I was dead on my feet after baking for what felt like an eternity. Exhausted, I took a break and decided to lie down. My eyes were fixed on the clock, which ticked slower than usual. The faint ticks echoed in my ear as I waited for any sign of Eli. The pounding of my heart made its way to my throat as the tenth sheep passed the gate. Before I knew it, my eyes forced themselves shut into darkness.



Horns were honking and sirens blaring as I opened my heavy eyelids. I squinted at the sight of the blinding light coming from the television, which appeared to have been playing some guy’s talk show. My back ached from the uncomfortable position I seemed to have slept in, and I stretched my cramping arms outward. I rubbed my puffy eyes and licked my dried lips. “How long was I asleep,” I groaned. I trudged sluggishly towards my cellphone, which lay on the tiny coffee table across the room.

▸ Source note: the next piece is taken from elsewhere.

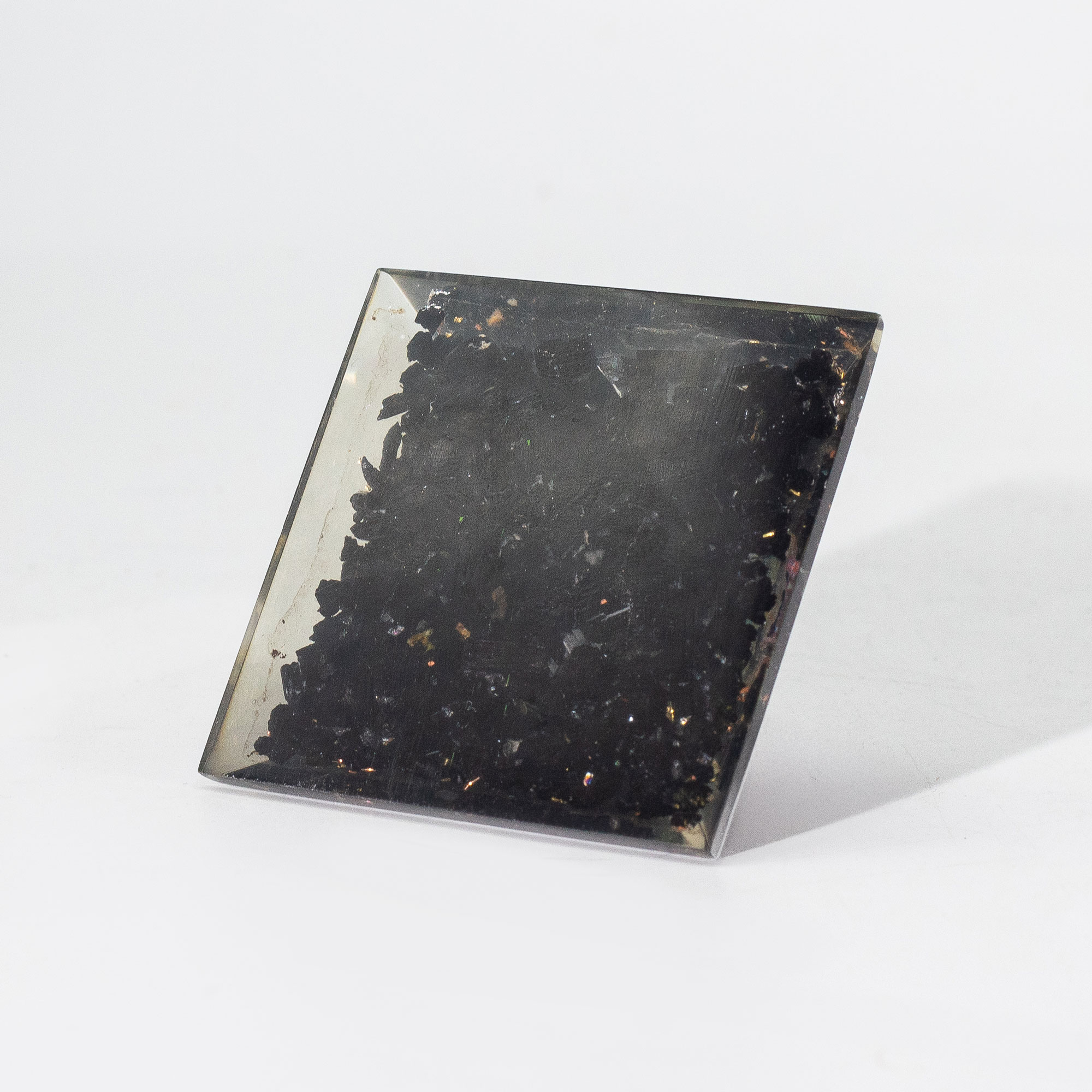 Mała piramida orgonitowa o wymiarach około 5,5 × 4,5 cm, ozdobiona symbolem Drzewa Życia i wypełniona drobnymi kawałkami czarnego turmalinu. To elegancki i energetyczny przedmiot, łączący w sobie żywicę, metale i naturalne minerały, tworząc harmonijną kompozycję o wyjątkowych walorach estetycznych i duchowych.

-Eli: Be there in 5 minutes-


“Already?!” I whispered to myself. I read it once more. A rush of serotonin shot through my veins as I frantically straightened my wrinkled gray shirt and fixed my red-checkered pajamas. My legs started twitching continually, and my exhaustion disappeared in a flash. I had anticipated Eli to arrive much later, so it came as an absolute shock. I wanted to throw him a welcome home party or even prepare a lighthearted speech. Unfortunately, the doorbell rang, and time stood still.




 


CHAPTER 3: ELI


I took a deep breath as my heart raced and palms sweated. Sure, I got to reunite with an old friend, but I wasn’t ready. The doorbell rang twice more, while I took a step closer to the wooden door which separated me and a brother I hadn’t seen in so long. My thoughts were clashing, yet my arm reached out. I held the doorknob with a firm grip and twisted it slowly, anxious but eager. It swung open steadily, and there, right in front of me, was Eli. He stood tall at 6’2, much taller than I ever was, in his green combat uniform. His arm was in a cast and the left side of his face, all bruised and patched up. Emotions rose inside of me, but the important thing was that...he was finally home.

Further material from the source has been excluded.